Don't try this at home. I'm what you call "Stupid."


Sunday, September 12, 2010

I know this is late, but I've been busy. Deal wil it.
Anyway, maybe I should find something entertaining to say...Oh yes. Due to a bout of nostalgia, I have been watching childrens classic cartoon films. And well... lets just say, I'd like to say a few things. I have provided the evidence here:

CASE #1
Subject: Mickey and The Beanstalk.
Charge(s): Convicted of convincing me that Donald Duck will come and murder me in my sleep.
Evidence:
Partway through the movie, we get to the very sad part, where the famous Mickey mouse, the lower than average IQ Goofy, and the incoherent Donald Duck are gathered around the table, fighting off the pangs of starvation while sharing their meal, see through slices of bread and a bean.
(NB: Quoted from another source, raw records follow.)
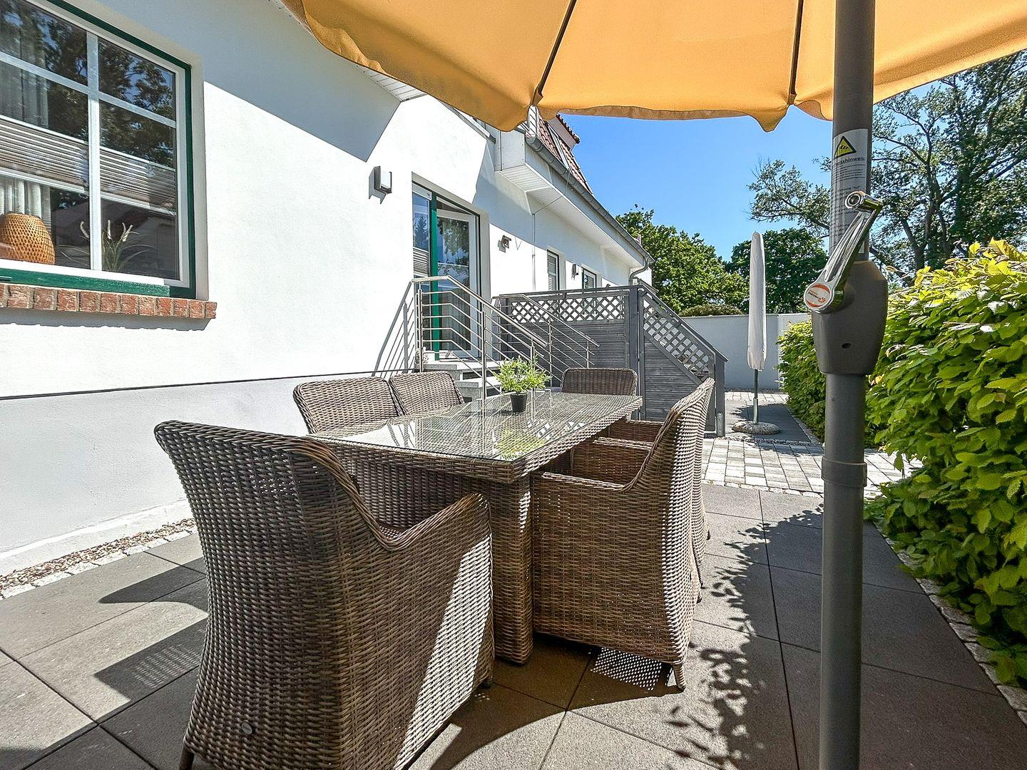 Die überdachte Holzterrasse des angrenzenden Gebäudes ist für alle Gäste frei nutzbar. Von hier aus kannst du auch prima die untergehende Sonne genießen.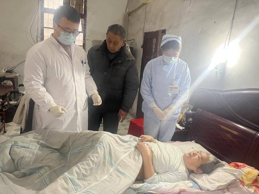 节后上班第一天,还桥村七旬老人胡爹爹打来求助电话。他的老伴徐奶奶75岁,患有严重精神障碍,是健康扶贫重点关注对象。1月26日她因“左股骨转子间粉碎性骨折”接受手术,2月13日出院,但术后需定期换药。面对两位高龄老人行动不便、就医困难的现实,胡爹爹在节后第一天向卫生院求助。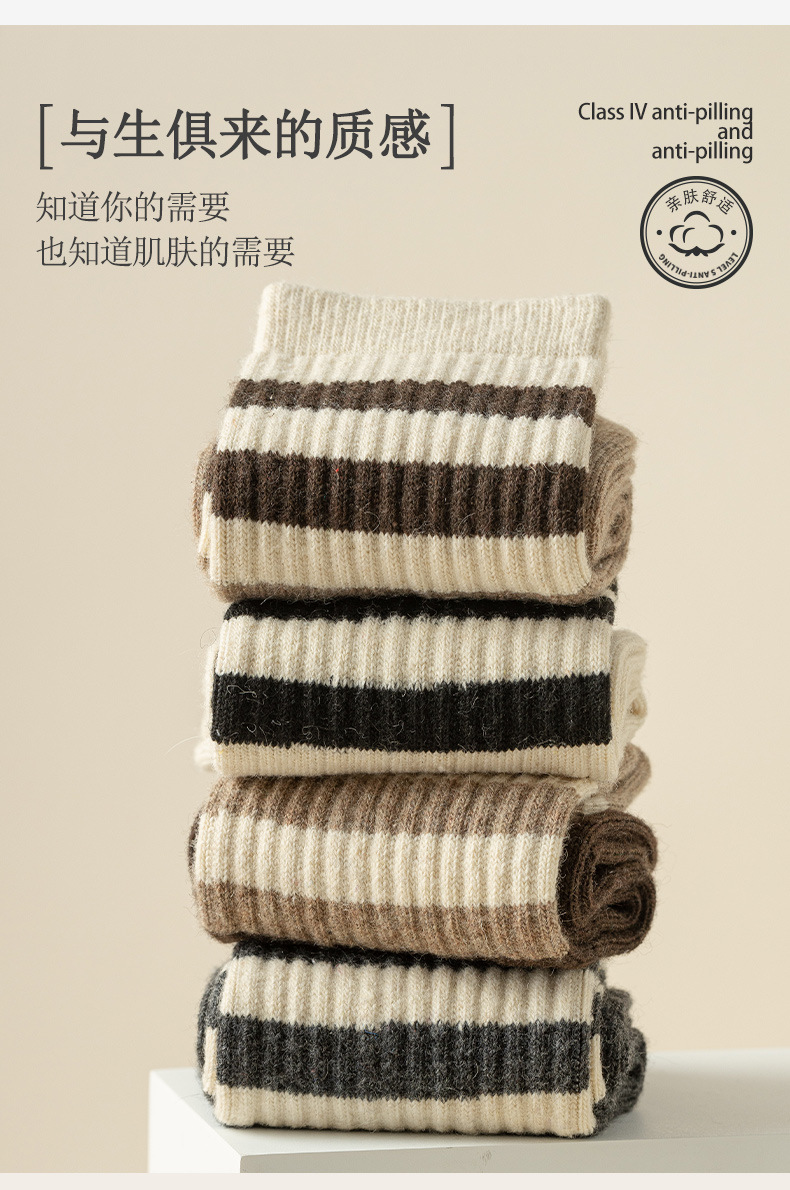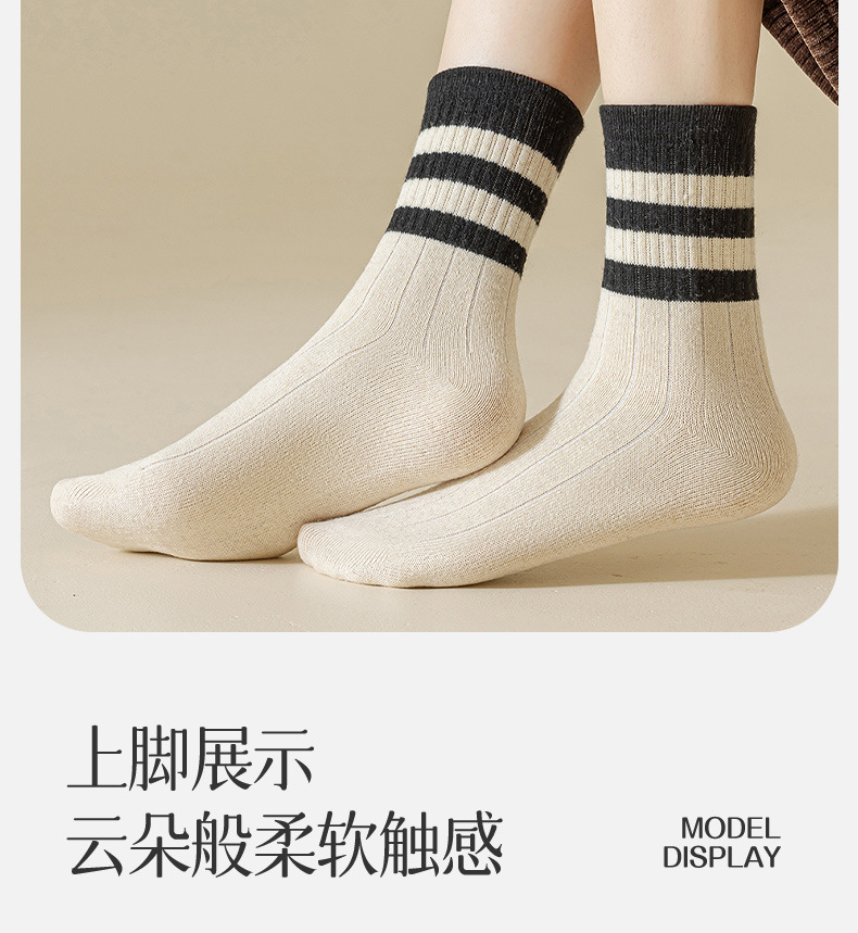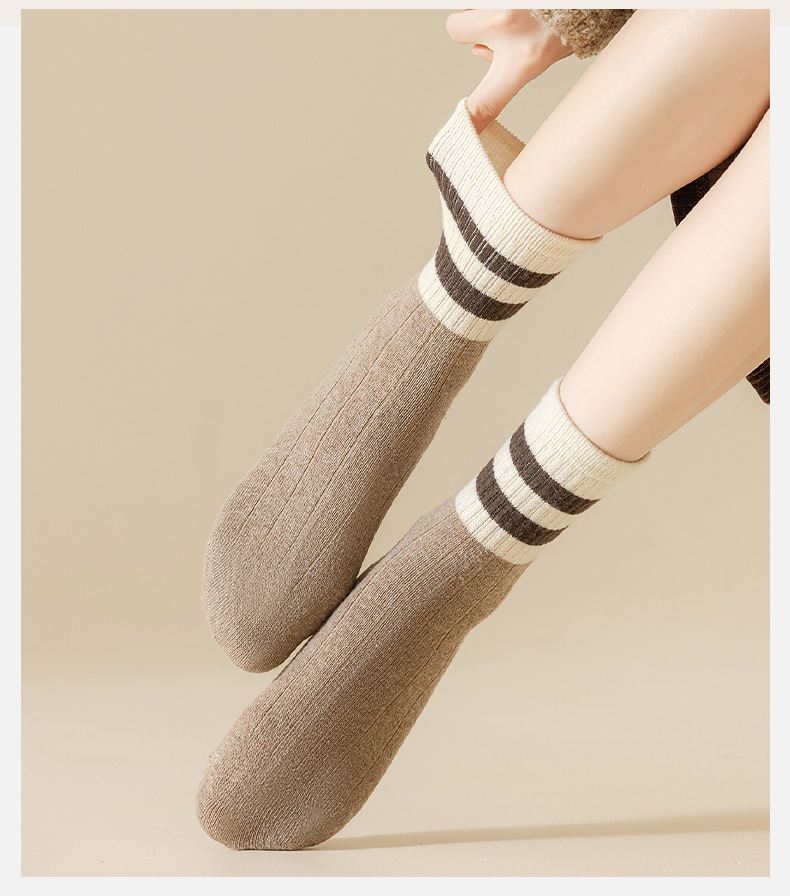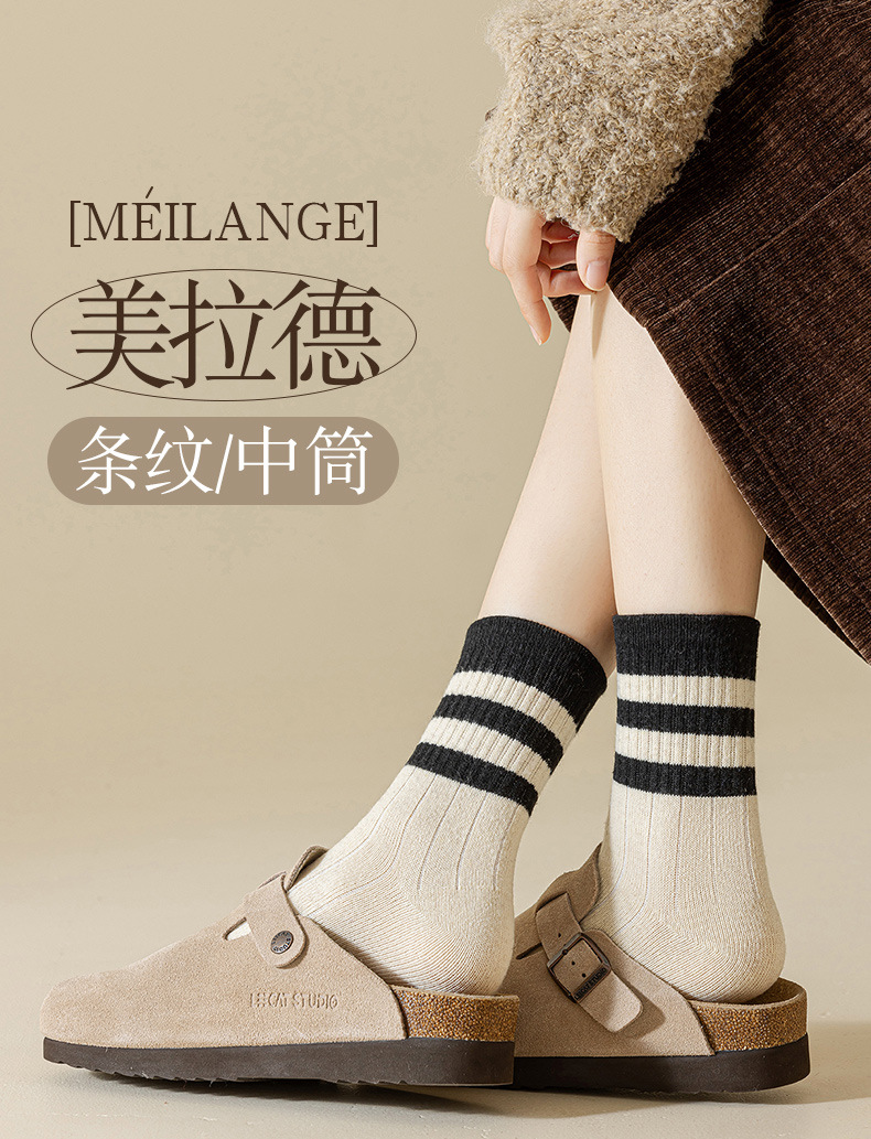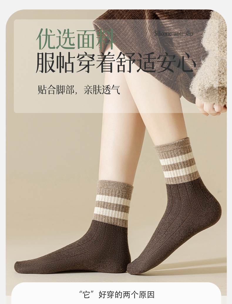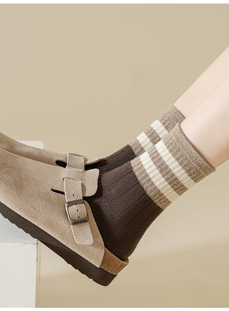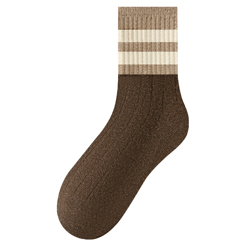 봄 새로운 줄무늬 여성 양말 다크 브라운 시리즈 중간 종아리 길이 양말 일본 간단한 프레피 스타일 스타킹면 Zhuji 양말스토어 가기

First off, when the f**k did disney become so damn depressing? This sounds more like a portrayl of Third World children in an impoverished country. I was half expecting to hear the narrarator saying how they killed Pluto just to survive the winter, and that Goofy was dying from a bad case of dysentery. And they've gotten worse over the years, look at Toy Story 3.
Anyway, moving along. Just as Donald is about to eat if food, he flies into a psychopathic rage, attempting to eat dinner plates and cutlery, and later grabbing the communal axe, and trying to murder their cow.
Yeah. Way to go, walt disney. The result? Nightmares. Many, many nightmares.

CASE 2:
Subject: The Sword and The Stone
Charge(s): Zoophilia, Negligence, and many, many bad decisions.
Evidence:
The second case would have to be the Sword in the Stone. This movie is kinda old, therby repeating animated scene bits (like when Wart (Arthur) falls down the stairs... which can still be kind of hilarious), and  containing that glorious gritty technicolour we all know and love.
However, the Sword in the stone, the old Wizard Merlin is trying to show Wart that brains are more valuable over brawn, education and wisdom are the keys to life, etc, etc, you know the drill. So how does he decide to do it? Make him read the works of philosophers? Have him study biochemistry and physics?
He turns him into a f**king fish.
And then a squirrel.
And then a bird.
What. The. Hell.
And coincidentally, each encounted winds up with Wart having an NDE, while Merlin is either forgetting a spell that could actually save his live, or singing a song about zoophilia.
Yes, zoophilia.
When they are having magical adventures as squirrels, a young lady squirrel falls for Squirrel-Wart. Instead of intervening, Merlin just shrugs and starts singing about how love is stupid, and . Then Merlin gets stalked by a fat old lady squirrel. And when Arthur finally is changed back into a human, the little girl squirrel is heartbroken, while he's a total jackass about it. As she runs away, sobbing hysterically, I think "Way to go, a**hole. I mean, she was the best piece of tail(Pun intended) you're ever gonna get. I bet she'll be the one who tells Guinevere you're a class 4 d-bag. Sh**, no wonder she banged Lancelot when you weren't looking.
Anyway, I know there are many more frightening old childrens movies out there. But I have a math test to study for.